An exact copy is needed of the lines in the entries below from the line with "Clearance Sale: Men's" up to and including the line with "A Vietnamese policeman", and of nothing else. Leave the pictures out.
═══ Exercise data
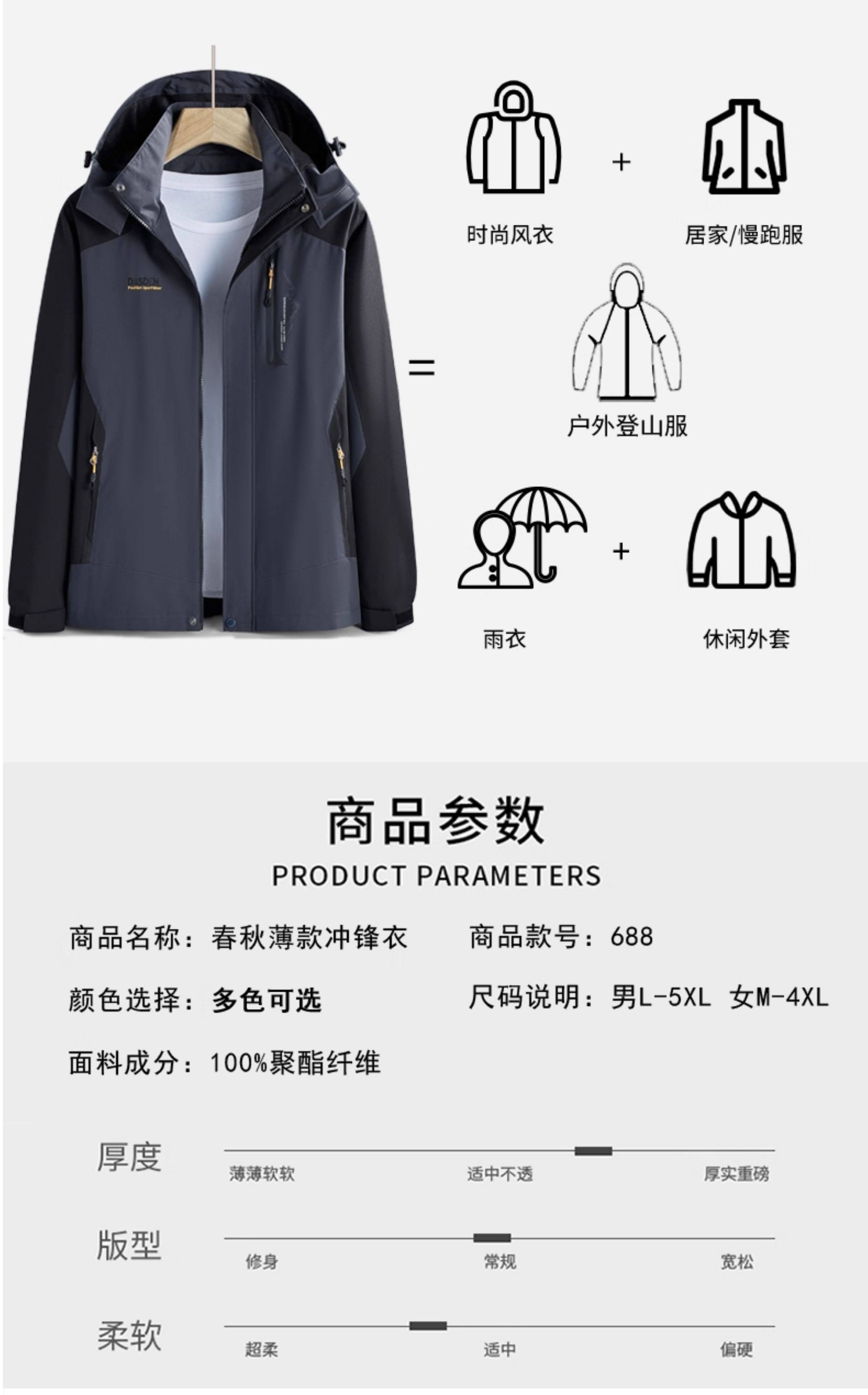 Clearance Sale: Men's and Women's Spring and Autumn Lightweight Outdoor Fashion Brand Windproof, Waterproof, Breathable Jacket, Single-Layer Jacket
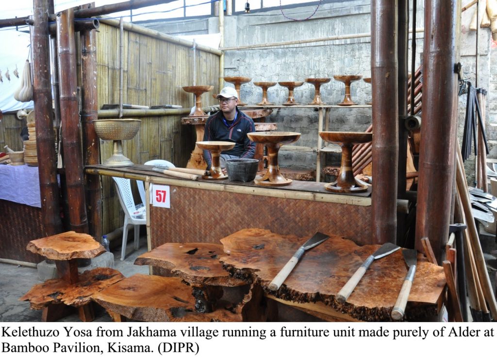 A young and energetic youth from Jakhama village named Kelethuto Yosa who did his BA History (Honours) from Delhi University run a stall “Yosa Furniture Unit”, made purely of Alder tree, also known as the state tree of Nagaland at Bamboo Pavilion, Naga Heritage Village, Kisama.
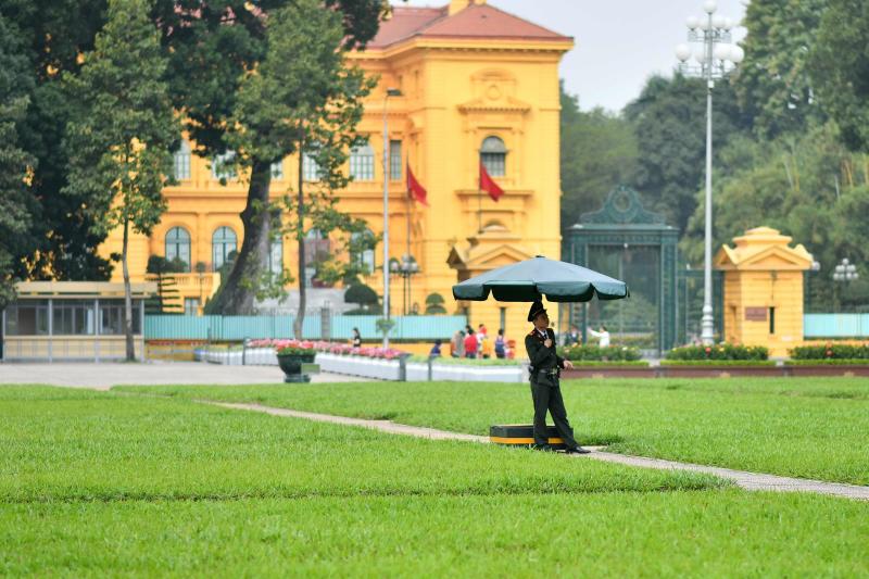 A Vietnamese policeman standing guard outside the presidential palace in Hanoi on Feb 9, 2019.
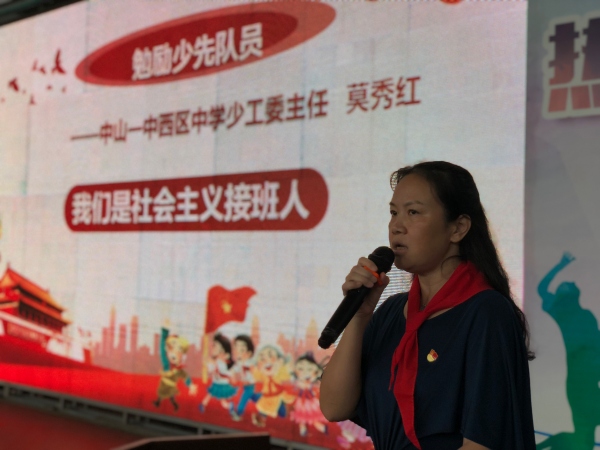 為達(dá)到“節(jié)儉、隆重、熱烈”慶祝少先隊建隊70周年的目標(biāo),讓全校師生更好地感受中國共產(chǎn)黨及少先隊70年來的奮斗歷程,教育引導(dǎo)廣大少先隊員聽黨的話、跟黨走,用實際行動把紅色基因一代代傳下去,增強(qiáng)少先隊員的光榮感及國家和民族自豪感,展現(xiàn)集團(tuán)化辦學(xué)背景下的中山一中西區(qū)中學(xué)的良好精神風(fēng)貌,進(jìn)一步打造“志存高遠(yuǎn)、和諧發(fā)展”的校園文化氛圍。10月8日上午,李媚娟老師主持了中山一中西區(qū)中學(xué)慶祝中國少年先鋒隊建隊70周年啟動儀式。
══════
═══ Exercise data
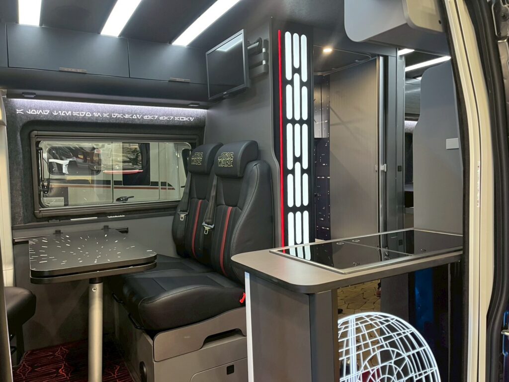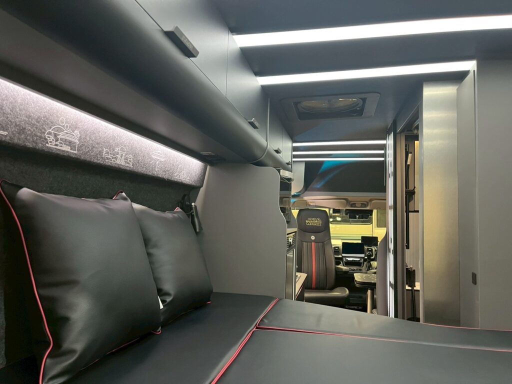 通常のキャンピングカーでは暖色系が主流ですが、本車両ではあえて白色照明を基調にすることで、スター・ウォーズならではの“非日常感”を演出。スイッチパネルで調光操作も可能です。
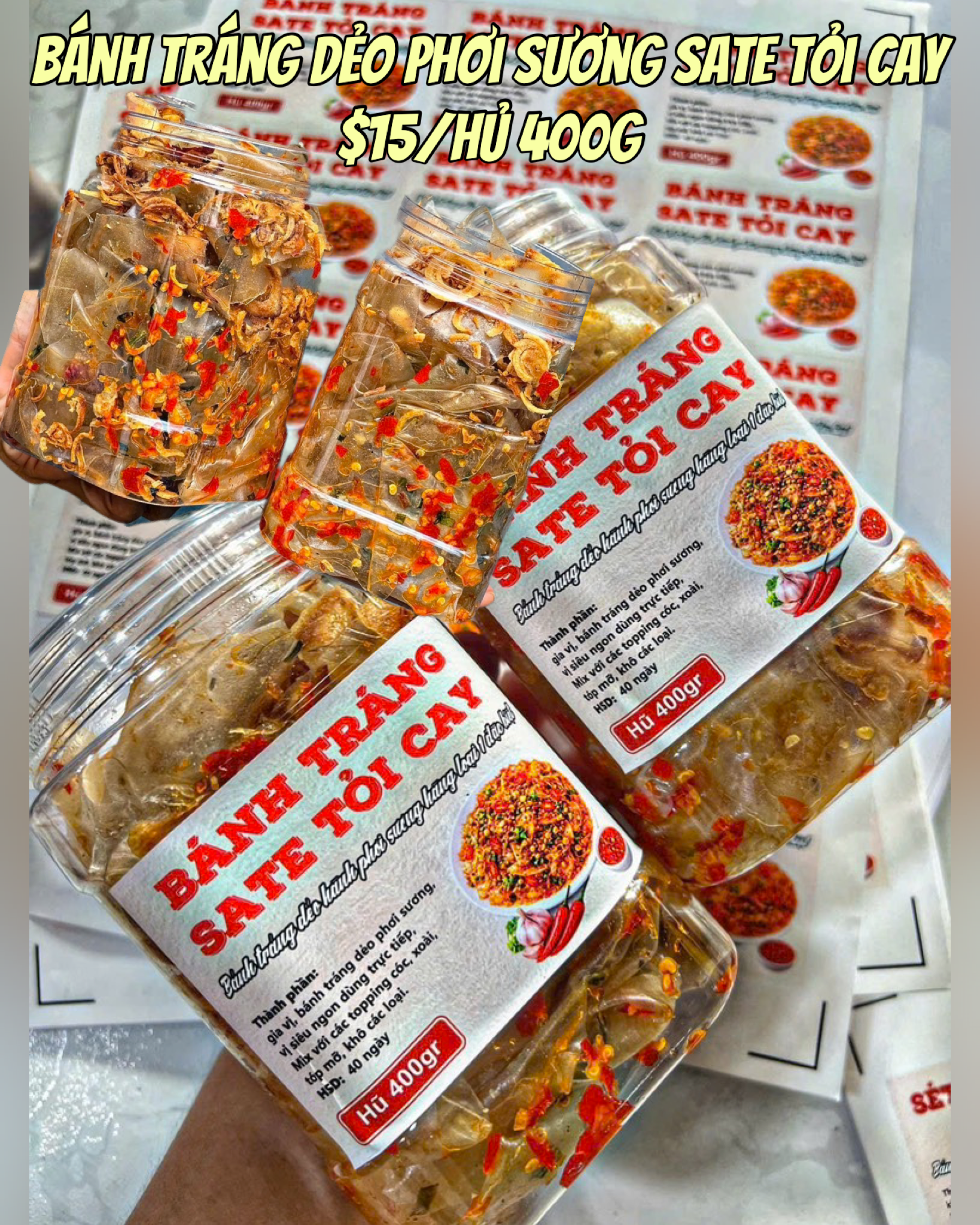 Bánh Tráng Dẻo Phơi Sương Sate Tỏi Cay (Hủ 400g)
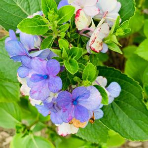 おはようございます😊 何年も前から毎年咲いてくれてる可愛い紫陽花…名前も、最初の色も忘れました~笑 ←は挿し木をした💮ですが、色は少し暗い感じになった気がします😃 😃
══════
* _Exercise result_
 Clearance Sale: Men's and Women's Spring and Autumn Lightweight Outdoor Fashion Brand Windproof, Waterproof, Breathable Jacket, Single-Layer Jacket
 A young and energetic youth from Jakhama village named Kelethuto Yosa who did his BA History (Honours) from Delhi University run a stall “Yosa Furniture Unit”, made purely of Alder tree, also known as the state tree of Nagaland at Bamboo Pavilion, Naga Heritage Village, Kisama.
 A Vietnamese policeman standing guard outside the presidential palace in Hanoi on Feb 9, 2019.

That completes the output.